Я встал под зонт и взял ее под руку.


— Нет, ты не понимаешь! Каждый человек должен, не задумываясь, жертвовать собой, это получается как будто цепочка из жертв, тогда и будет жизнь. Это, как религия.


— А если вот… Никто бы никем не жертвовал, не все ли было бы равно? — спросила Маша. — Была бы такая же жизнь. И так же бы кто-то умирал, кто-то жил… А в твоем случае кто-то должен умирать от жертв, а кто-то жить.


— Но ведь это же бесчеловечно!


Я не понимал, как она может этого не понимать, когда это и так ясно. Ее доводы были даже в чем-то логичны, у меня даже появилось сомнение, но я сразу его подавил.


— Вот если я сейчас попаду под машину, ты меня станешь спасать?


— Тебя? Может быть, если я сама не попаду под машину.


— А так все-таки станешь?


— Если я сама не попаду.


— Но ты же не знаешь, попадешь или нет.


— Тогда не знаю… Трудно сказать. Это зависит больше от чувств. А ты бы стал спасать какую-нибудь старуху из-под поезда?


— Да, конечно, — ответил я.


— Но ведь она скоро умрет!


— Ну и что? — изумился я. — Это бы я был как Раскольников…


— Нет, — сказала Маша. — Раскольников сам убил старуху, а ты-то не убивал! Ты просто не спас.

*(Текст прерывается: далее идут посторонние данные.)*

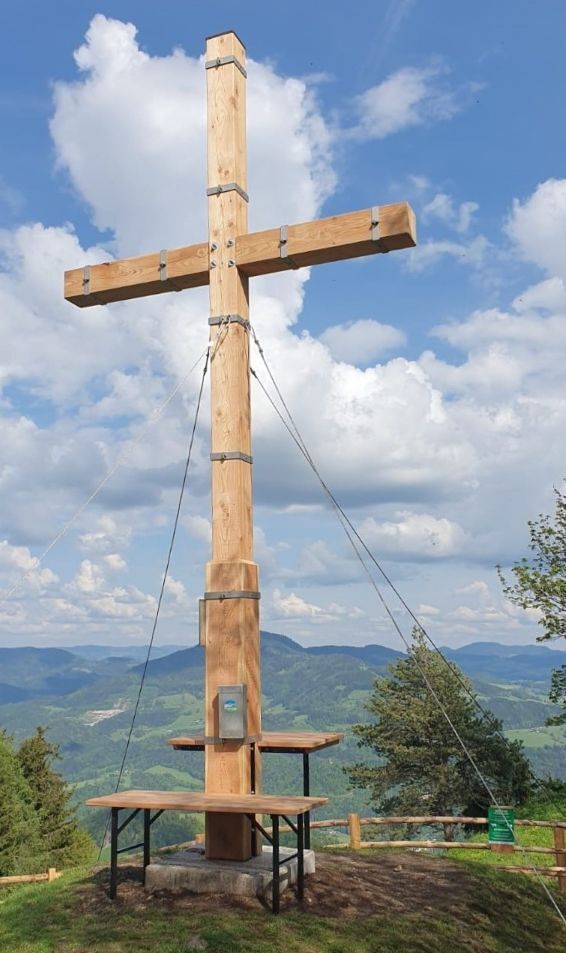 Das alte Gipfelkreuz am Haneggkogel, das ursprünglich 1954 von der Katholischen Jugend Waldstein errichtet wurde, war in die Jahre gekommen und musste daher erneuert werden. Und so wurde das alte Kreuz demontiert und unter tatkräftiger Mithilfe vieler Grundstücksnachbarn und Freunde der Familie Jantscher vulgo Hanegg-Gruber bei herrlichem Wetter im Sommer 2024 durch ein neues ersetzt. Der Lärchenbaum, aus dem das neue Kreuz gefertigt wurde, stammt nur etwa 100 Meter entfernt vom Gipfel des Haneggkogels.

— Не все ли равно — убить или не спасти?


— Нет, — сказала Маша, улыбнувшись. — Если ты не спас, то ты просто сделал выбор между своей жизнью и жизнью старухи. Почему ты — молодой и красивый — должен умирать, а старуха жить?


— Да я вообще об этом думать не буду. Я брошусь и все…


— А может, ты убежишь подальше…


— Это уже фашизм! — сказал я Маше с чувством.


— Не знаю, — ответила она.


— А вот если бы это была не старуха? А маленькая девочка?


— Какая разница, тоже человек ведь. И ты человек.


— Но ей еще жить!


— И тебе жить.


— А если бы я был стариком? — спросил я.


— Ну… А может быть, ты ценил бы каждый свой час? Опять же: почему ты должен умирать, а не кто-нибудь? Может быть, это у него судьба такая, что он умрет.


— Судьба? Не знаю. Черт его знает! — сказал я.


Мы подошли к обшарпанному желтому дому, мокрому от дождя.


— Заходите, — сказала наша классная руководительница.


И мы вошли в темный подъезд, в котором было гулко и сыро, как в колодце, и начали подниматься по лестнице. Мой мокрый плащ с шелестом задевал за перила. Передо мной шла Маша.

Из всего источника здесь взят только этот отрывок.